1 not equal to 0 stated as a condition, why? In Lindsay Childs' Algebra text (3ed pg 141), it statements this proposition regarding a ring homomorphism: $ Let f: R \rightarrow S$ be a homomorphism where R is a field and $1 \ne 0$ in $S$. Then $f$ is one-to-one.
My confusion is about $1 \ne 0$. Is that possible? I can only see that in congruence where $[1]_{1} = [0]_{1}$, but again, congruence class of integers mod 1 is not really interesting... btw, the book's errata says nothing about this page.
Any help would be appreciated!

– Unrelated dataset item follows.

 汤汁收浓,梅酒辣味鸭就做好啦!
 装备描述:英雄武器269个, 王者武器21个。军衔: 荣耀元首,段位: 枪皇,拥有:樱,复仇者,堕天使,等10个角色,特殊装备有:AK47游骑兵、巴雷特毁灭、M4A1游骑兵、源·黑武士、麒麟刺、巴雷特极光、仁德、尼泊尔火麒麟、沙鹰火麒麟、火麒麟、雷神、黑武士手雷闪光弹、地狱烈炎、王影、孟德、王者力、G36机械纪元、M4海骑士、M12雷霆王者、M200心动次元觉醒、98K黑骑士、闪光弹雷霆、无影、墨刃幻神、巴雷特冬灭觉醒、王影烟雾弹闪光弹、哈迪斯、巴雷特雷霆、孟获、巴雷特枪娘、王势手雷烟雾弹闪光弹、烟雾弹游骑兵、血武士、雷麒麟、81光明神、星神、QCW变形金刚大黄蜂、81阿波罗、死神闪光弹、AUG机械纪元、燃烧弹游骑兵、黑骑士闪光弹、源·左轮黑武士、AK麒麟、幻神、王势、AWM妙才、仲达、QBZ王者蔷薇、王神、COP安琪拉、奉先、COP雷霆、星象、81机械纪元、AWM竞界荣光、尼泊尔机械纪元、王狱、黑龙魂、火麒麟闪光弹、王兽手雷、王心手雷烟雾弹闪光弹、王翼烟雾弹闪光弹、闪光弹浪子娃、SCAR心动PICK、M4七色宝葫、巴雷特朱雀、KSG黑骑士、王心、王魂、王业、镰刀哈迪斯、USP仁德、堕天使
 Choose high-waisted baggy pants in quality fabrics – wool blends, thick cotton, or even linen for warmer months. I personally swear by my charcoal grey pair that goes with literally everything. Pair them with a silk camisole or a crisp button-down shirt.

Thanks!
 A: There is exactly one ring in which $1 = 0$. It is the trivial ring where every element is equal to zero. 
Whether this extra condition is necessary depends on your definition of a ring homomorphism. (I assume at least that your rings have multiplicative identity.) If ring homomorphisms are required to preserve the multiplicative identity then there are no homomorphisms from the trivial ring to any nontrivial ring, so this situation never occurs. (This addressed a different version of the question.) 

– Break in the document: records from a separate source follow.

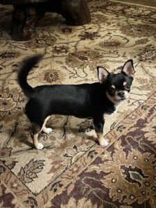 Josey is a very socialized, smooth coat, black/tan/white female AKC Chihuahua. She is intact. She is housetrained and very playful and affectionate. She has the “sassy” temperament Chihuahuas are known for and she is intelligent. We adopted her in hopes of adding her to our breeding program. However, she has a very slight heart murmur (1/6) and although it does not affect her activity level, which is high, or her life in general, we have decided to rehome her to a pet home. She weighed 7.3 lbs at her Feb. 2026 vet check. She is current on her shots. Her next heat is around the corner, in April. She loves racing around the back yard with her pals, competing to see who is the fastest. She loves jumping up and down into our laps to give and get some pats and kisses. She loves doing zoomies around the furniture at high speeds! She has a lovely breed conformation and apple head. She loves adventure and finds it everywhere she goes! She is ready to adopt and if you are interested, please email me and I will send you a questionnaire to fill out to see if Josey would be a good fit!
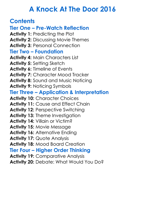 A Knock At The Door 2016 Worksheet Activity Booklet
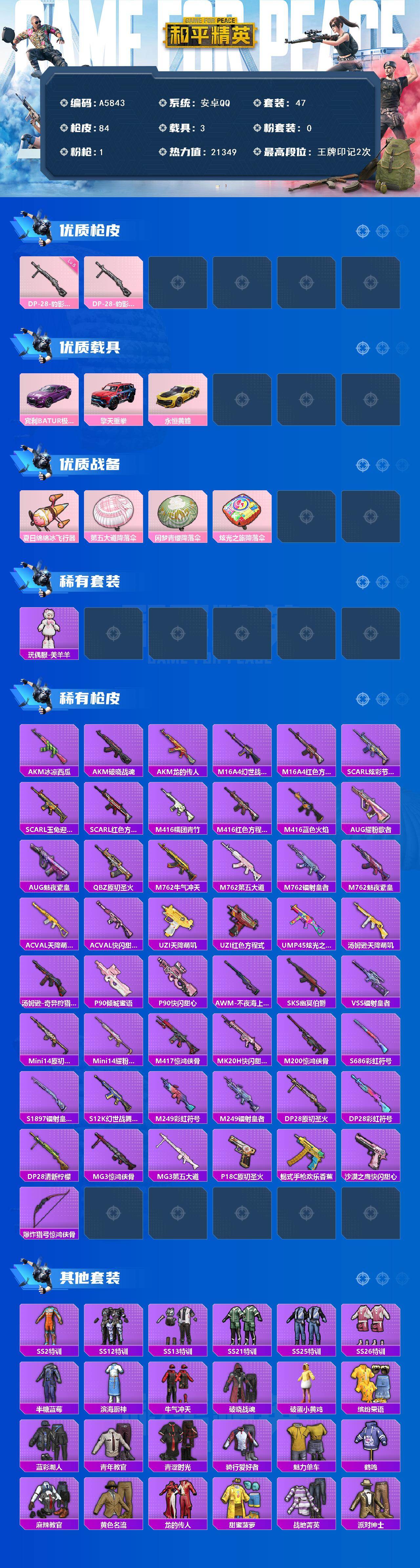 [16429318]安卓 【小号 dp-28-豹影疾电五级 宾利batur(极速紫),擎天重拳,永恒黄蜂】手q-0粉装-1特效呛-3载具-2粉色飞行器-21349热力值-2王牌印记-47套装-84呛皮 【粉色呛皮等级】:dp-28-豹影疾电五级 【粉色载具】:宾利batur(极速紫),擎天重拳,永恒黄蜂 【粉色呛皮】:dp-28-豹影疾电 【粉色飞行器】:夏日绵绵冰飞行器 【粉色降落伞】:第五大道降落伞,闲梦青缨降落伞,炫光之旅降落伞,炫彩糖果降落伞 【稀有套装】:套装-炫彩糖果,玩偶服-美羊羊 【稀有呛皮】:akm-冰凉西瓜,akm-破晓战魂,akm-龙的传人,m16a4-幻世战舞者,m16a4-红色方程式,scar-l-炫彩节奏,scar-l-玉兔迎春,scar-l-红色方程式,m416-糯团青竹,m416-红色方程式,m416-蓝色火焰,aug-耀粉歌者,aug-魅夜紫皇,q-原初圣火,m762-牛气冲天,m762-第五大道,m762-镭射皇者,m762-魅夜紫皇,ac-val-天降萌叽,ac-val-快闪甜心,uzi-天降萌叽,uzi-红色方程式,ump45-炫光之旅,汤姆逊-天降萌叽,汤姆逊-奇异狩猎者,p90-倾城蜜语,p90-快闪甜心,awm-不夜海上花,sks-幽冥伯爵,vss-镭射皇者,mini14-原初圣火,mini14-耀粉歌者,m417-惊鸿侠骨,mk20-h-快闪甜心,m200-惊鸿侠骨,s686-彩虹符号,s1897-镭射皇者,s12k-幻世战舞者,m249-彩虹符号,m249-镭射皇者,dp-28-原初圣火,dp-28-彩虹符号,dp-28-清新柠檬,mg3-惊鸿侠骨,mg3-第五大道,p18c-原初圣火,蝎式手呛-欢乐香蕉,沙墨之鹦-快闪甜心,爆炸猎弓-惊鸿侠骨 【其他套装】:套装-ss2特训,套装-ss12特训,套装-ss13特训,套装-ss21特训,套装-ss25特训,套装-ss26特训,套装-半糖蓝莓,套装-滨海厨神,套装-牛气冲天,套装-破晓战魂,套装-破蛋小黄鸡,套装-缤纷果语,套装-蓝彩潮人,套装-青年教官,套装-青涩时光,套装-骑行爱好者,套装-魅力单车,套装-鹤鸣,套装-麻辣教官,套装-黄色名流,套装-龙的传人,套装-甜蜜菠萝,套装-战地菁英,套装-派对绅士,套装-极地朋克,套装-午夜朋克,套装-弄潮海豚,套装-原初圣火,套

A: The case $1 = 0$ occurs when you are talking about the trivial ring $R = \{0\}$.  It turns out $R$ is the trivial ring if and only if $1 = 0$, so stating $1 \neq 0$ is arguably the easiest way to say $R$ is a nontrivial ring.

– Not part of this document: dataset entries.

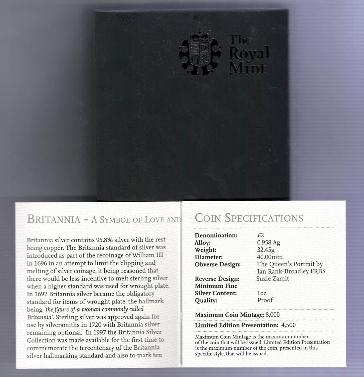 You are buying the silver proof Britannia coin in the pictures.
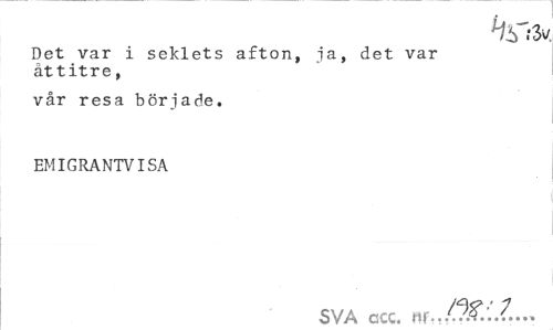 //// HhTi //// Det var i seklets afton, ja, det var åttitre, //// vår resa började. EMIGRANTVISA //// SVA ccc, nr.. ////
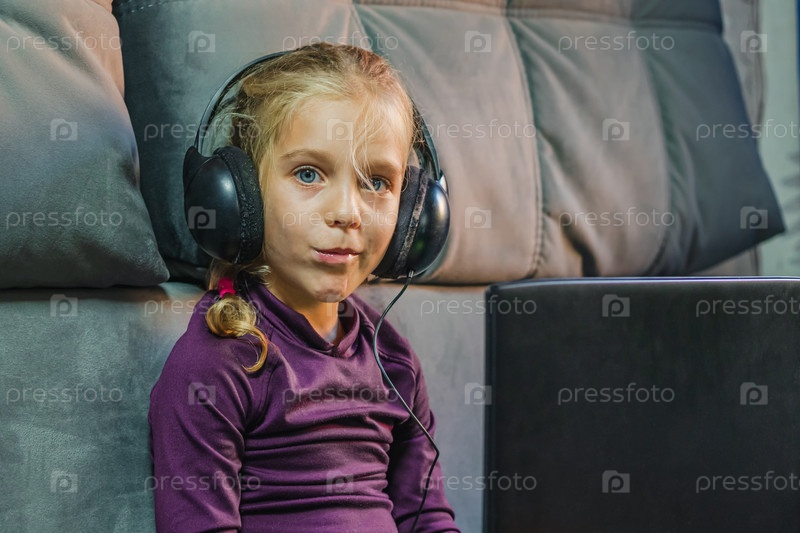 Блондинка с большими наушниками на голове сидит с ноутбуком на сером диване. Взгляд ребенка направлен на камеру. Концепция дистанционного обучения

A: Based on the context I can guess the following: Your book includes as part of the definition of field that $1\neq 0$ (which is standard).  Rings in your book have $1$ and ring homomorphisms send $1$ to $1$.  If $1=0$ in $S$, then $f(1)=f(0)=0$, so $f$ is not one-to-one.  That is why the condition is needed in this case.  (As indicated in the other answers, this would only be the trivial case $S=\{0\}$.  In that case $f$ would have to send everything to a single point.)